One key element of the collaboration between Aurubis and TKF is a closing-the-loop project. “We try to establish closing-the-loop systems with as many of our customers as possible,” says Gröner. “Bringing these loops full circle needs to be the norm in the industry. Ultimately, everyone benefits.”
"We can rely on Aurubis 100 %. And we consider Aurubis an industry leader when it comes to sustainability."Daan Kuipers
Rising demand: red gold with a green conscience
“As an integrated copper producer, Aurubis has set the objective of producing even more copper from secondary materials, especially complex recycling raw materials,” says Gröner. “We already produce more than one out of three cathodes from recycling materials, and the trend is rising.” Gröner can imagine copper products made completely of recycled material creating a new market for sustainably produced metals and metal products at some point down the road. “Industry still has trouble paying a surcharge on a metal that’s traded as a commodity on the exchange. However, the trend towards a sustainable, transparent value chain, which is evident in some industries and driven by consumers, can’t be overlooked.” Kuipers also believes that demand for recycled copper could increase and that the market could ultimately honor this development. “Yes, this demand will grow for sure. Our customers’ mindset is also changing with regard to using primary materials. At TKF, we have set clear targets for the recycling of different materials, including copper.”

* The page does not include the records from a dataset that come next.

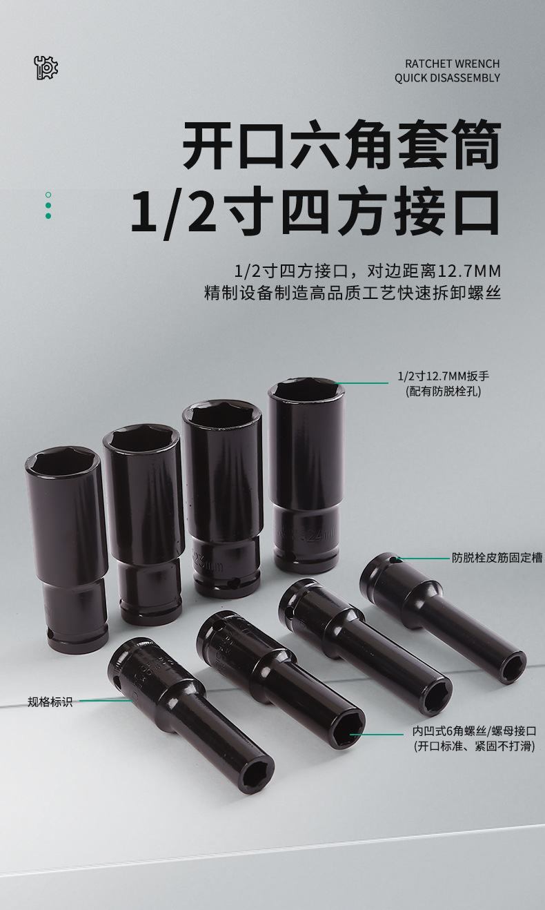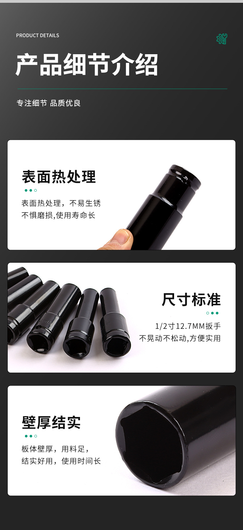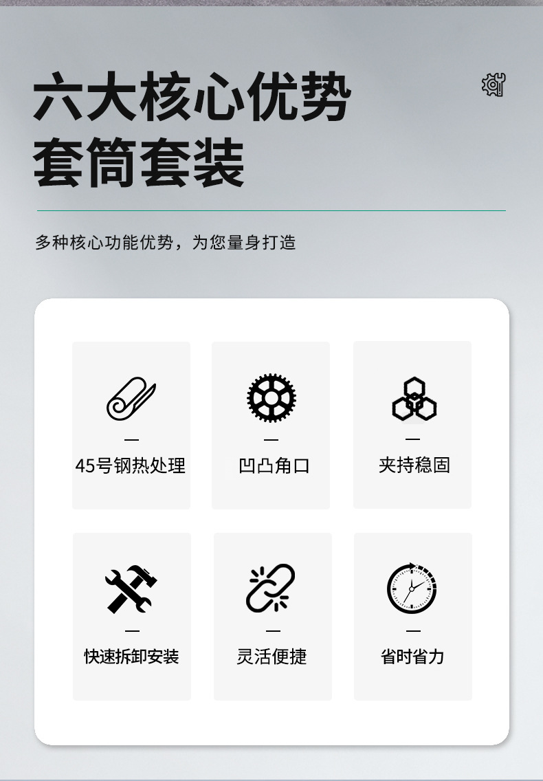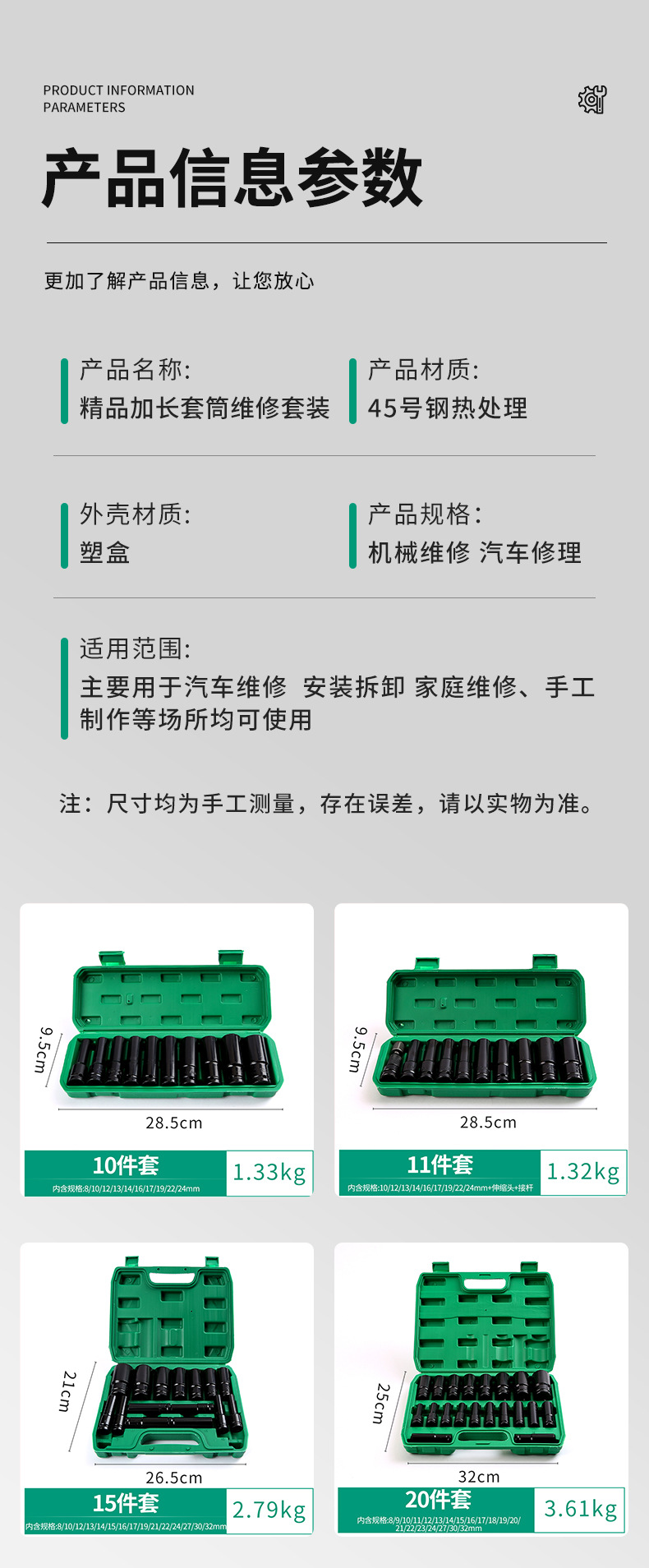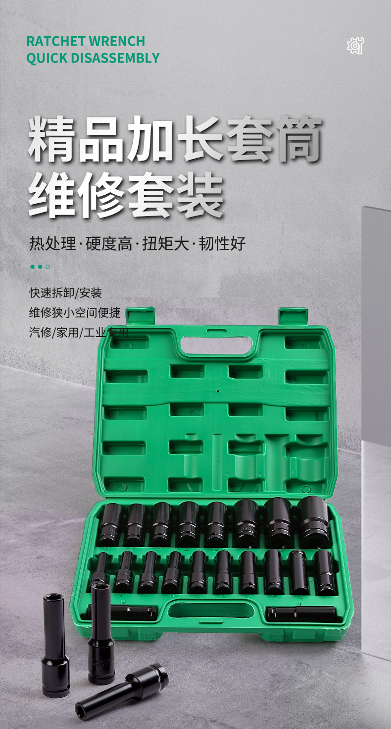 精品加长套筒8-32维修套装套筒扳手内六角加长套筒头汽修五金工具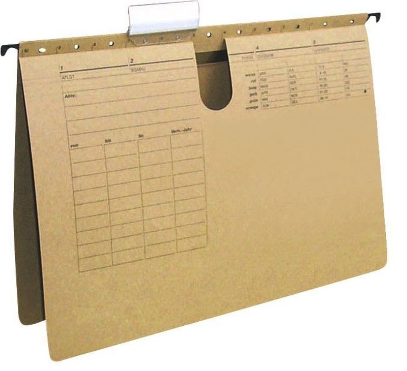 Hängeregistratur, Ausführung Hängehefter, mit kfm. Heftung, Farbe naturbraun, Hersteller: Connect, Herstellernummer: KF00554, EAN: 5705831005549, Hängeschienen mit Vollsichtreiter und auswechselbaren Blanco-Schildchen. Aus 230g/qm Natronkarton. Für A4. Farbe naturbraun., Preis je Stück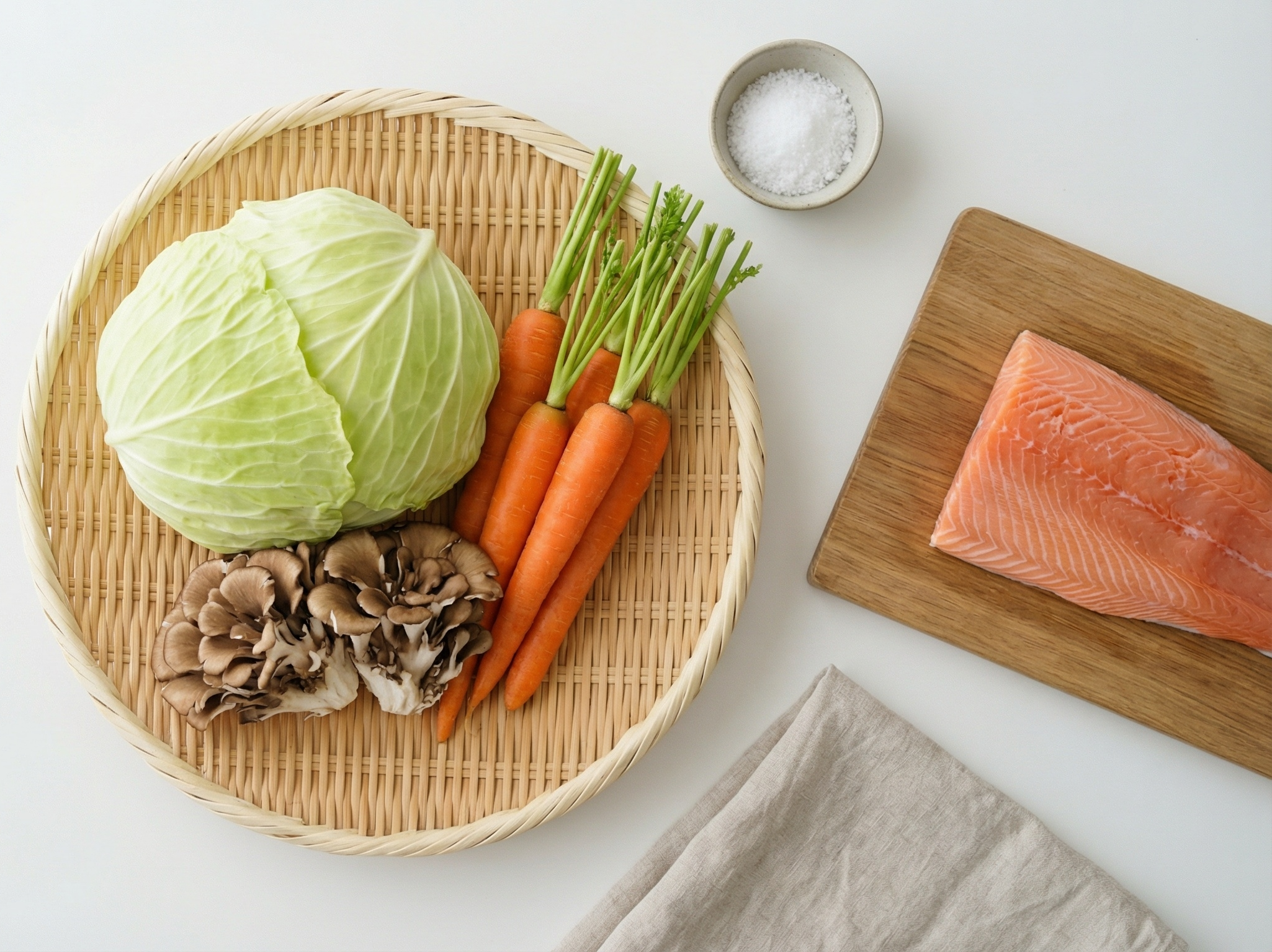 人参やキャベツ、鮭には、粘膜の健康維持を意識した栄養素が含まれています。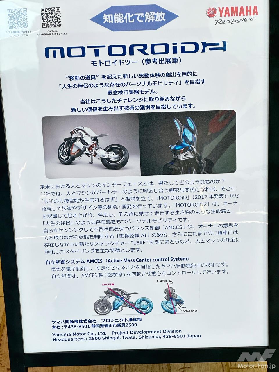 倒れないバイクということで、ジャパンモビリティショー2024に出展した自律できるバイク「MOTOROiD2」と「ELOVE」のデモンストレーション、電動トライアルバイク「TY-E2.2」と3輪バイク「TRICITY」を使用した人力と機械によるスタンディングの体験などもヤマハならではの見どころ。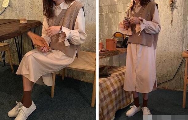 25岁的你,在穿搭上就应该懂得越简单越好看,长款的衬衫搭配针织马甲,不仅能凸显自身的独特风格,而且还能让你在秋季的搭配脱颖而出,让着装显得更加精致,有种韩范的感觉,试试小白鞋与堆堆袜搭配,更好看,爱美的你一定不要错过!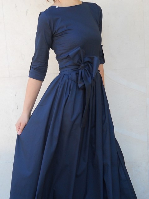 Дълга памучна рокля в тъмносин цвят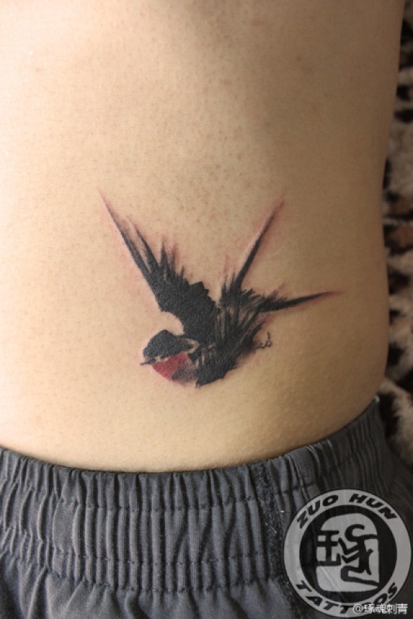 美女腰部潮流好看的水墨小燕子纹身图案_腰部纹身图案大全_纹身图吧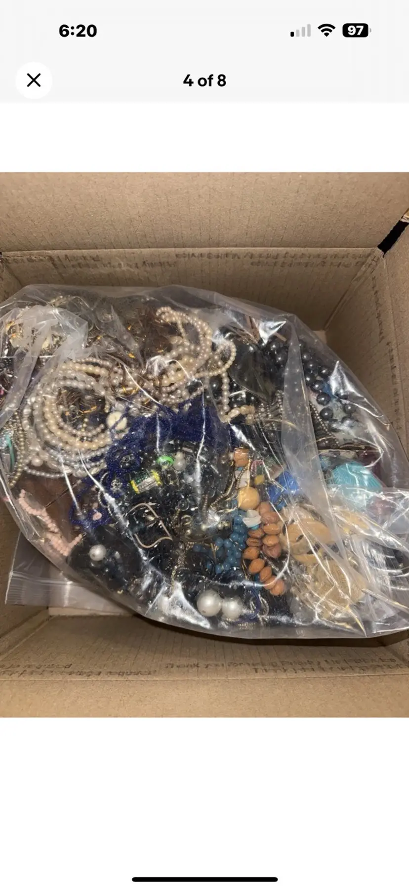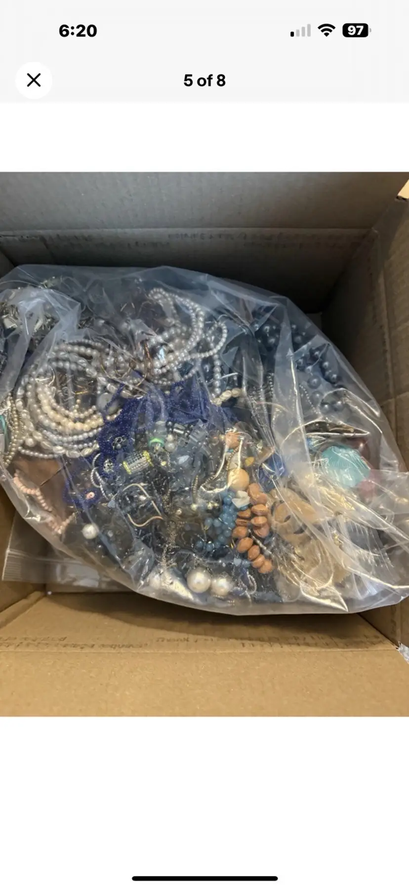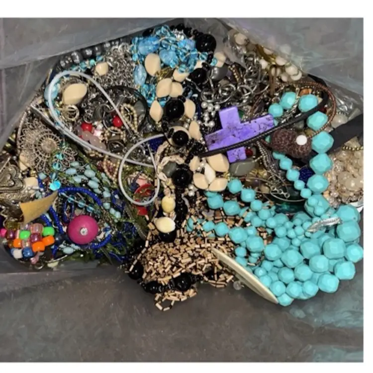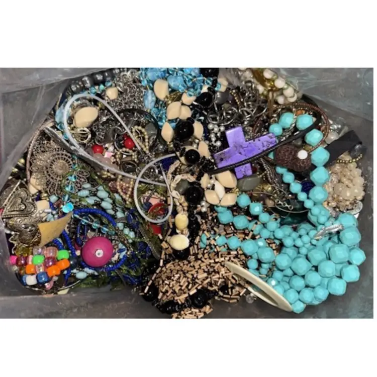 This 17 lbs jewelry lot is a mixed lot of crafting materials including beads, necklaces, bracelets, earrings, and brooches. The lot features a variety of multicolor pieces made from mixed materials and metals. This wearable and tangled box of jewelry is perfect for fashion enthusiasts looking to create their own unique accessories or crafts. 17 lbs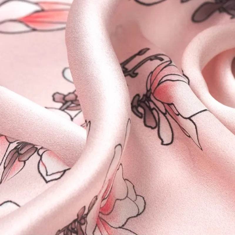 Mulberry Silk 16 Momme Square Scarf Magnolia Blossom Design 68 x 68 Cm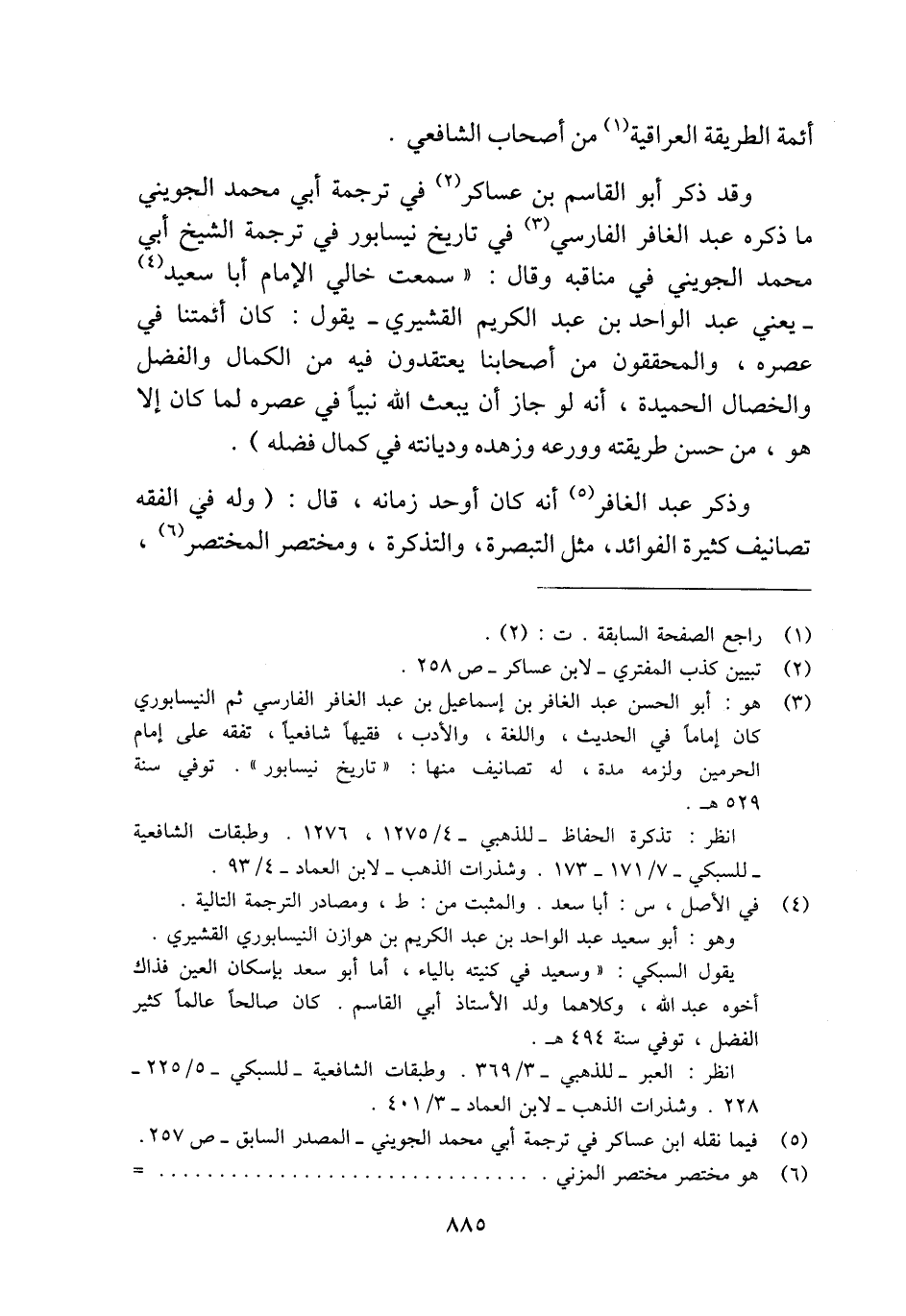 (¬5) فيما نقله ابن عساكر في ترجمة أبي محمد الجويني -المصدر السابق- ص: 257.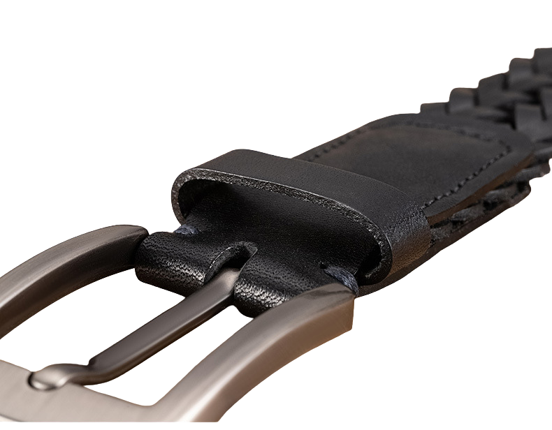 Ceinture homme cuir pleine fleur tressé boucle ardillon rectangulaire

TKF processes the copper it sources from Aurubis into medium- and high- voltage cables, for example. The company provides connectivity solutions and an extensive portfolio of cables, systems, and services.
Coming full circle: using copper to reduce CO2
The market’s influence on the responsible use of resources is also apparent in megatrends such as electromobility and renewable energies. In this context, Aurubis contributes to reducing future CO2emissions not only by producing metals with recycling materials, but also with its finished products. For instance, copper plays a key role when it comes to renewable energies and thus the energy shift as a whole. “According to the Deutsches Kupferinstitut, energy systems for renewable energies require up to twelve times more copper than conventional energy systems,” says Kück, “because copper typically improves energy efficiency.” As an example, a ton of copper used in rotating machinery – such as an electric engine or a wind turbine – saves up to 7,500 t of CO2eemissions during its life cycle. That’s a pretty interesting figure, too.
The interior of a wind turbine, which requires about 5,000 kg of copper.
1 According to the Copper Alliance/ International Copper Association.